(Recorded data)
+ + + + + + +
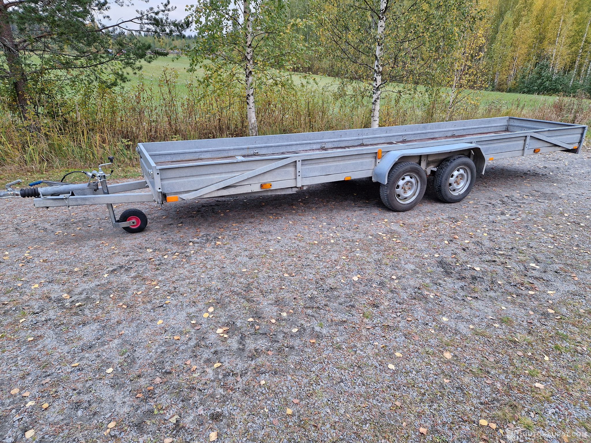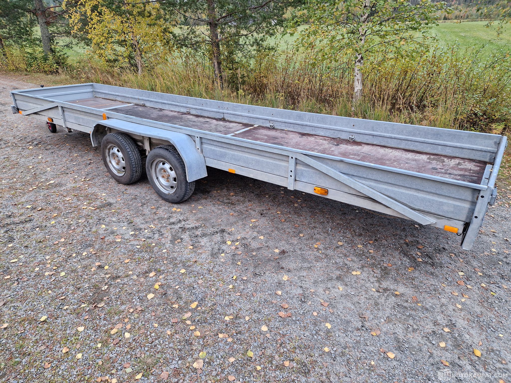 Omavalmiste kärry pitkällä 6 metrin lavalla.
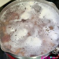 - 把豬骨汆水
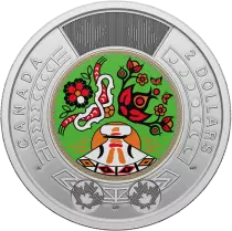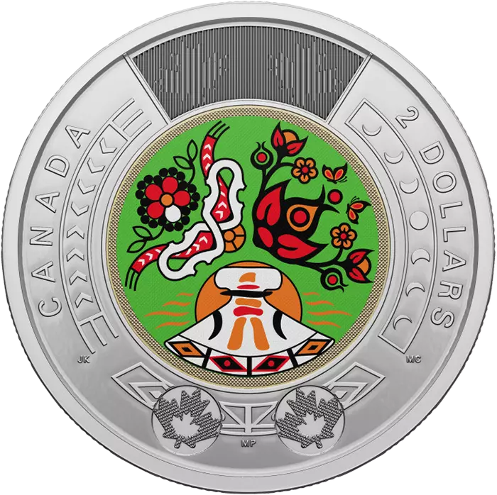 La pièce de circulation commémorative de 2 dollars de la Journée nationale des peuples autochtones 2023 célèbre l'art et les cultures des Premières nations, des Inuits et des Métis. Le dessin est gravé par trois artistes, qui ont réuni leurs expressions individuelles pour former une ode puissante aux cultures et aux patrimoines des Premières nations, des Inuits et des Métis.
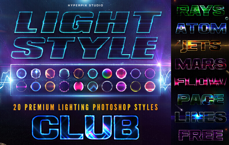 Классный набор неоновых и футуристических стилей для Photoshop, которые сделают ваши работы на тему фантастики и киберпанка яркими и эффектными.
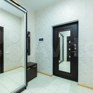В прихожей установлен шкаф купе, гладильная доска, утюг, фен.
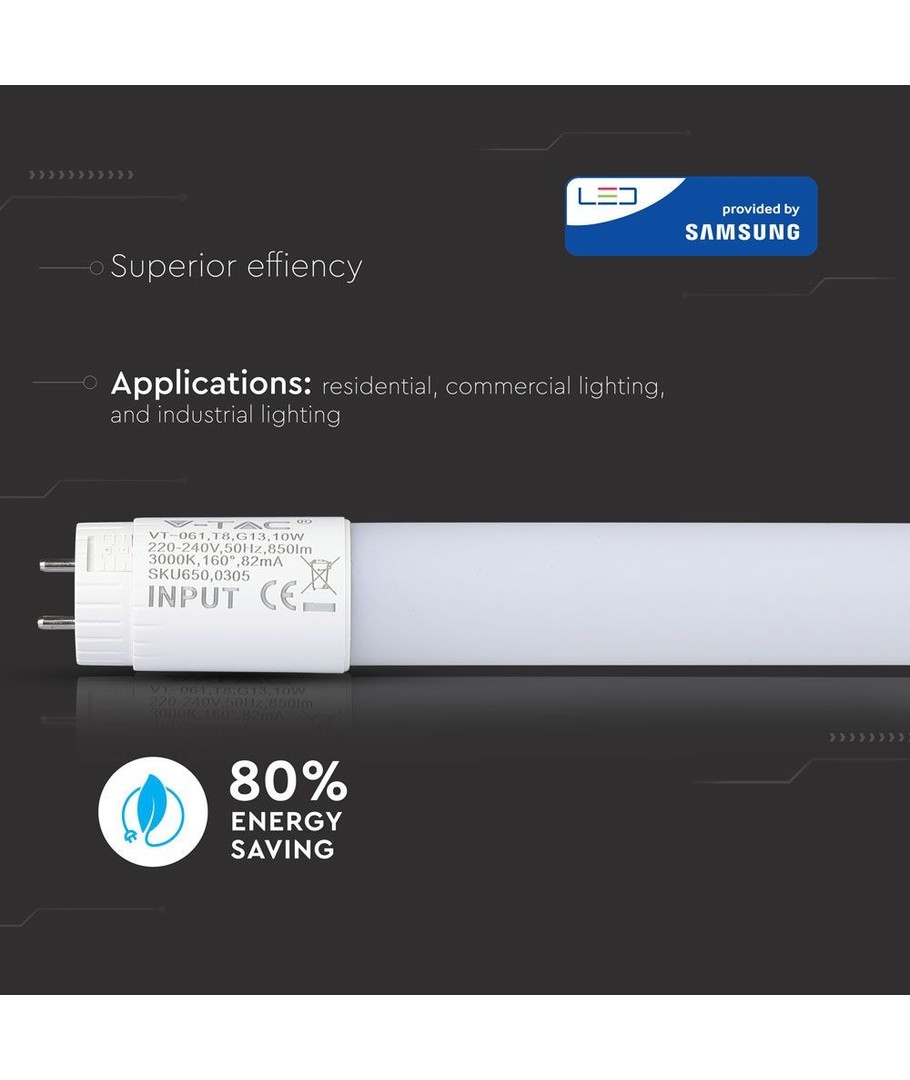 Met een lichtsterkte van 850 lumen en een straalhoek van 160 graden zorgt deze LED-buis voor een gelijkmatige en brede lichtverdeling. De hoge lichtkwaliteit met een RA-waarde van 80-85 zorgt ervoor dat kleuren natuurlijk en echt overkomen, perfect om aan de meeste verlichtingsbehoeften te voldoen.
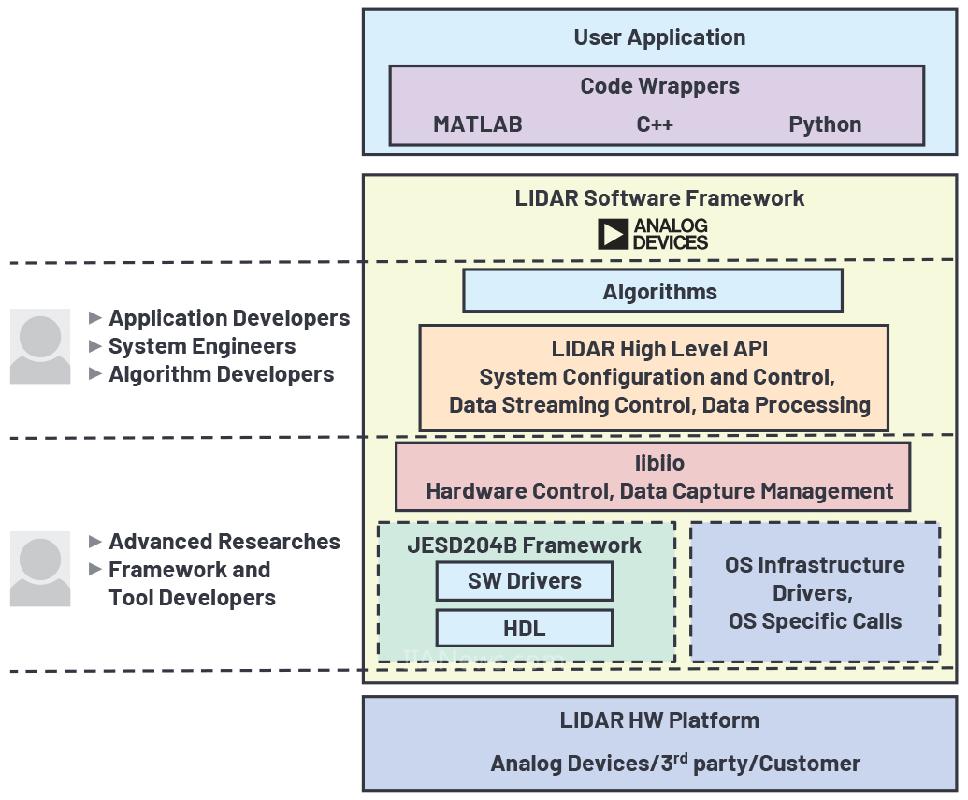 雖然libiio提供低層編程接口,但在大多數(shù)情況下,用戶期望使用平臺相關的集合了低層驅動器調用的API,來展示一組功能,用于訪問和配置各種系統(tǒng)參數(shù)和流數(shù)據(jù)。因此,LIDAR原型制作平臺采用特定的API,以及適用于常用框架和編程語言(例如C/C++、MATLAB?或Python?)的配套組件,6使用戶能夠使用其首選的編程語言與系統(tǒng)連接,集中精力研發(fā)對客戶而言極具價值的算法和應用。
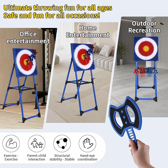 - AXE THROWING TRAINING: Provides challenging and realistic game experience for axe throwing enthusiasts, perfect for competitive games or personal practice. It helps to actively exercise and practice hand-eye coordination and reduce study stress; it is an excellent stress reliever game for adults and a must-have fun toy for work, rest and recreation
+ + + + + + +
Once the pictures are set aside, repeat the remaining data word for word.

- YOUR SOLUTION
 Omavalmiste kärry pitkällä 6 metrin lavalla.
 - 把豬骨汆水
 La pièce de circulation commémorative de 2 dollars de la Journée nationale des peuples autochtones 2023 célèbre l'art et les cultures des Premières nations, des Inuits et des Métis. Le dessin est gravé par trois artistes, qui ont réuni leurs expressions individuelles pour former une ode puissante aux cultures et aux patrimoines des Premières nations, des Inuits et des Métis.
 Классный набор неоновых и футуристических стилей для Photoshop, которые сделают ваши работы на тему фантастики и киберпанка яркими и эффектными.
В прихожей установлен шкаф купе, гладильная доска, утюг, фен.
 Met een lichtsterkte van 850 lumen en een straalhoek van 160 graden zorgt deze LED-buis voor een gelijkmatige en brede lichtverdeling. De hoge lichtkwaliteit met een RA-waarde van 80-85 zorgt ervoor dat kleuren natuurlijk en echt overkomen, perfect om aan de meeste verlichtingsbehoeften te voldoen.
 雖然libiio提供低層編程接口,但在大多數(shù)情況下,用戶期望使用平臺相關的集合了低層驅動器調用的API,來展示一組功能,用于訪問和配置各種系統(tǒng)參數(shù)和流數(shù)據(jù)。因此,LIDAR原型制作平臺采用特定的API,以及適用于常用框架和編程語言(例如C/C++、MATLAB?或Python?)的配套組件,6使用戶能夠使用其首選的編程語言與系統(tǒng)連接,集中精力研發(fā)對客戶而言極具價值的算法和應用。
 - AXE THROWING TRAINING: Provides challenging and realistic game experience for axe throwing enthusiasts, perfect for competitive games or personal practice. It helps to actively exercise and practice hand-eye coordination and reduce study stress; it is an excellent stress reliever game for adults and a must-have fun toy for work, rest and recreation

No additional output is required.